# DEVELOPER GUIDE: embeds

## Quick Summary
The `embeds` directory provides a comprehensive system for finding, parsing, and resolving embedded expressions within strings. These expressions use `«...»` syntax and can represent dynamic values like mathematical calculations, datetimes, UUIDs, or content from stored artifacts. The system supports multi-step data transformation pipelines, recursive embed resolution, and includes safety features like depth and size limits.

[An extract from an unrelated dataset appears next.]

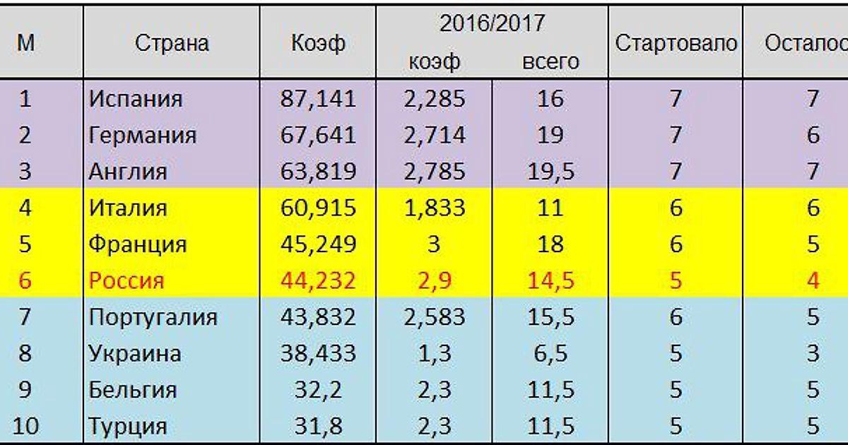 Доброго времени суток, уважаемые читатели. После вчерашней феерии устроенной Ростовом наша ассоциация обошла португальскую и снова взобралась на шестую строчку. Результат этот временный, еще только самое начало сезона и все может измениться, однако весьма и весьма приятный.

It's designed as a core component for dynamic content generation and data processing in agent workflows.

## Files Overview
- `__init__.py` - Main public entry point exporting key functions and constants
- `constants.py` - Defines embed syntax (delimiters, separators), regex patterns, and type classifications
- `converter.py` - Data format conversion and serialization functions
- `evaluators.py` - Specific evaluation logic for simple embed types (math, datetime, uuid, etc.)
- `modifiers.py` - Data transformation functions that can be chained together (jsonpath, slice, grep, etc.)
- `resolver.py` - Core orchestration engine handling embed resolution, modifier chains, and recursion
- `types.py` - DataFormat enum for tracking data types during transformations

## Developer API Reference

### __init__.py
**Purpose:** Main public entry point that exports the most commonly used functions and constants from other modules.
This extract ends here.